Bug 2005507

Summary: SNO spoke cluster failing to reach coreos.live.rootfs_url is missing url in console
Product: OpenShift Container Platform Reporter: Chad Crum <ccrum>
Component: RHCOSAssignee: Joseph Marrero <jmarrero>
Status: CLOSED ERRATA QA Contact: HuijingHei <hhei>
Severity: low Docs Contact:
Priority: unspecified    
Version: 4.9CC: aos-bugs, bgilbert, ccrum, dornelas, fpercoco, hhei, jligon, mfilanov, mrussell, nstielau, rfreiman, trwest, yfirst
Target Milestone: ---   
Target Release: 4.10.0   
Hardware: x86_64   
OS: Linux   
Whiteboard:
Fixed In Version: Doc Type: No Doc Update
Doc Text:
Story Points: ---
Clone Of: Environment:
Last Closed: 2022-03-10 16:11:55 UTC Type: Bug
Regression: --- Mount Type: ---
Documentation: --- CRM:
Verified Versions: Category: ---
oVirt Team: --- RHEL 7.3 requirements from Atomic Host:
Cloudforms Team: --- Target Upstream Version:
Embargoed:
Bug Depends On: 2016008    
Bug Blocks:    

Description Chad Crum 2021-09-17 20:08:43 UTC
Description of problem:
In the case of a SNO cluster that is booting from a discovery iso, if the RHCOS image host is not reachable, the console outputs "coreos.live.rootfs_url= " , with the value being empty. In this case the value was definitely set, confirmed by checking the discovery iso, with the issue being connectivity between the image mirror and the spoke node.
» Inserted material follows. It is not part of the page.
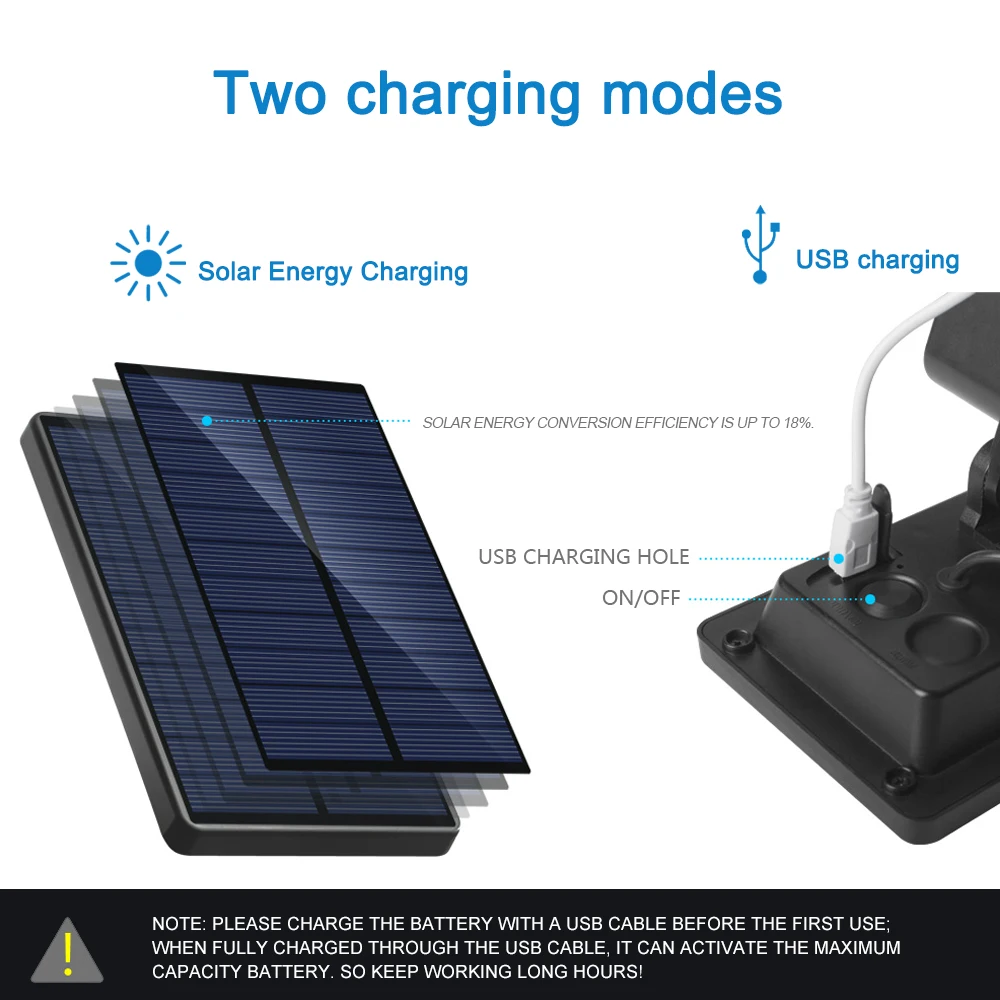 Два способа зарядки: солнечная зарядка, зарядка через USB

This adds confusion when troubleshooting as one may think the issue is that the url is missing from the discovery iso, when that is not the case.
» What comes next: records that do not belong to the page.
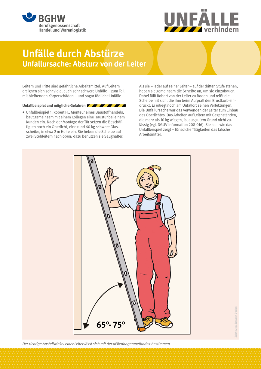 Diese Ausgabe der Reihe „Unfälle verhindern“ thematisiert Abstürze von Leitern. Neben zwei Unfallbeispielen sind Empfehlungen für technische, organisatorische und personenbezogene Maßnahmen zur Unfallvermeidung enthalten. Die zugehörige PowerPoint-Präsentation kann als Unterstützung für Unterweisungen genutzt werden.
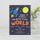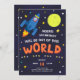 Celebre o seu aniversário em estilo com este convite de aniversário com tema espacial! Com um foguete rodeado por estrelas e lua, é fácil personalizar os detalhes com informações para a festa do seu próprio astronauta. Adicione a sua pequena foto ao dentro traseiro de uma nave espacial para um verdadeiro convite deste mundo!
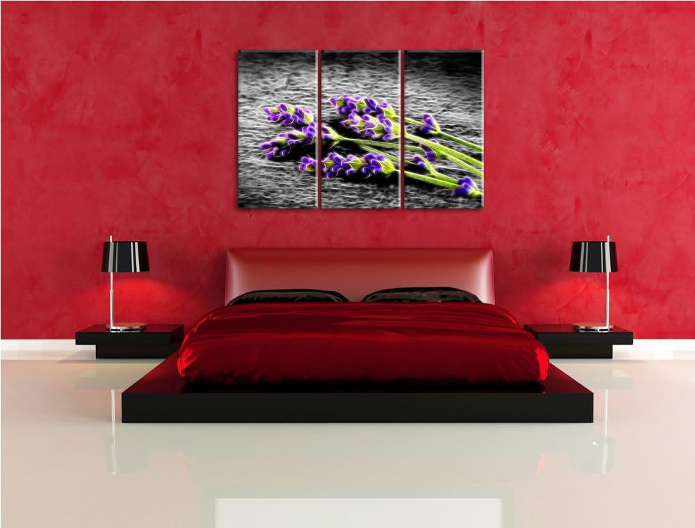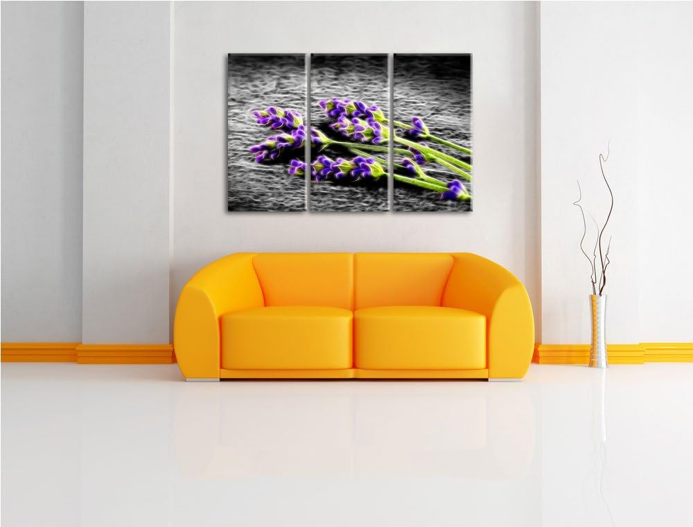 schöne Lila Blumen3-Teiler Leinwandbild 120x80 Bild auf Leinwand, XXL riesige Bilder fertig gerahmt

Version-Release number of selected component (if applicable):
assisted index image master git_revision: 34c986435c1e85776b2bcb0544eab2e6e77a2c2b

Hub/spoke 4.9.0-rc.0

How reproducible:
100%

Steps to Reproduce:
1. Start a spoke cluster from discovery image, but make the rhcos iso url unreachable from the spoke node
2. Check the spoke node console

Actual results:
"Couldn't establish connectivity with the server specified by coreos.live.rootfs_url= "

Expected results:
"Couldn't establish connectivity with the server specified by coreos.live.rootfs_url=https://the-url-to-the-iso-image"


Additional info:

Comment 3 Pawan Pinjarkar 2021-10-12 16:12:08 UTC
This looks to be an issue from RHCOS. I don't see any reference in our code regarding this error.
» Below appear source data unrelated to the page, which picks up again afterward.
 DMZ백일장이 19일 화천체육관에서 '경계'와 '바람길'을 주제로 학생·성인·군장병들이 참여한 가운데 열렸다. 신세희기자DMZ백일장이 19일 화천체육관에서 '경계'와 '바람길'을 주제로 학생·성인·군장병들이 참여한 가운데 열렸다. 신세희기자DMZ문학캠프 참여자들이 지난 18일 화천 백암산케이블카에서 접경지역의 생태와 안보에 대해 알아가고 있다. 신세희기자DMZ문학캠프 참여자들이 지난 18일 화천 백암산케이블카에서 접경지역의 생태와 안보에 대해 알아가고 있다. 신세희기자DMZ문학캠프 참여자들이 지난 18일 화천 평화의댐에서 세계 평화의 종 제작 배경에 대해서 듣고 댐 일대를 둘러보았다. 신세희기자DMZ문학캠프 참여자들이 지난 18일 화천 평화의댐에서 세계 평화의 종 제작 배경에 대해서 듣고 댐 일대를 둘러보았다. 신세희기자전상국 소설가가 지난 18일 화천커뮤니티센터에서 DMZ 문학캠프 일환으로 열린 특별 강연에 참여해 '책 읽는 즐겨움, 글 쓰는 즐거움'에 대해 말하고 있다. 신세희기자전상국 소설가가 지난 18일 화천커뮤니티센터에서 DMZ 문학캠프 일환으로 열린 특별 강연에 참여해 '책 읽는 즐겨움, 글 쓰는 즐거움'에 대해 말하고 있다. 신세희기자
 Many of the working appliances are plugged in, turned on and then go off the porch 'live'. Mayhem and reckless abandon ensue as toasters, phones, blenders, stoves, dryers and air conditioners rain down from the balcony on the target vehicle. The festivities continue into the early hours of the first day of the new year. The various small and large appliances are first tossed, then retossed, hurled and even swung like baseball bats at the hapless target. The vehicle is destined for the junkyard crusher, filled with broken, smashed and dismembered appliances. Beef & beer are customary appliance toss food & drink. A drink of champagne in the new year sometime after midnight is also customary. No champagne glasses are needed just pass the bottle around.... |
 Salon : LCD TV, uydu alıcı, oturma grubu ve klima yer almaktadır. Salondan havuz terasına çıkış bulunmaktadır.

Comment 5 Flavio Percoco 2021-10-21 13:39:21 UTC
This is an issue in fedora-coreos-config:

https://github.com/coreos/fedora-coreos-config/blob/818e650768998c5462e23c0a10d31cb8567fd7c9/overlay.d/05core/usr/lib/dracut/modules.d/35coreos-live/coreos-livepxe-rootfs.sh#L34-L60

(not sure if `fedora-coreos` is the right component here)

Comment 6 Joseph Marrero 2021-10-21 19:56:13 UTC
Proposed fix, under test/review: https://github.com/coreos/fedora-coreos-config/pull/1302

Comment 7 HuijingHei 2021-10-28 09:38:15 UTC
Seems this bug miss the `Bootimage bump tracker` bug, and PR is merged to https://github.com/openshift/os/pull/658

Build locally with latest repo os, and test with ipxe libvirt according to https://dustymabe.com/2019/09/13/update-on-easy-pxe-boot-testing-post-minus-pxelinux/


1) Test with coreos.live.rootfs_url=http://abcdddd.eeeee.com/ddddd

[   38.865316] coreos-livepxe-rootfs[704]: Couldn't establish connectivity with the server specified by:
[   38.882251] coreos-livepxe-rootfs[704]: coreos.live.rootfs_url=http://abcdddd.eeeee.com/ddddd
[   38.897457] coreos-livepxe-rootfs[704]: Retrying in 5s...


2) Test with coreos.live.rootfs_url=ftp://abcdddd.eeeee.com/ddddd

-- Logs begin at Thu 2021-10-28 07:55:58 UTC, end at Thu 2021-10-28 07:56:10 UTC. --
Oct 28 07:56:08 systemd[1]: Starting Acquire live PXE rootfs image...
Oct 28 07:56:08 coreos-livepxe-rootfs[693]: Fetching rootfs image from ftp://abcdddd.eeeee.com/ddddd...
Oct 28 07:56:08 coreos-livepxe-rootfs[693]: Unsupported scheme for image specified by:
Oct 28 07:56:08 coreos-livepxe-rootfs[693]: coreos.live.rootfs_url=ftp://abcdddd.eeeee.com/ddddd
Oct 28 07:56:08 coreos-livepxe-rootfs[693]: Only HTTP and HTTPS are supported. Please fix your PXE configuration.
Oct 28 07:56:08 systemd[1]: coreos-livepxe-rootfs.service: Main process exited, code=exited, status=1/FAILURE
Oct 28 07:56:08 systemd[1]: coreos-livepxe-rootfs.service: Failed with result 'exit-code'.
Oct 28 07:56:08 systemd[1]: Failed to start Acquire live PXE rootfs image.
Oct 28 07:56:08 systemd[1]: coreos-livepxe-rootfs.service: Triggering OnFailure= dependencies.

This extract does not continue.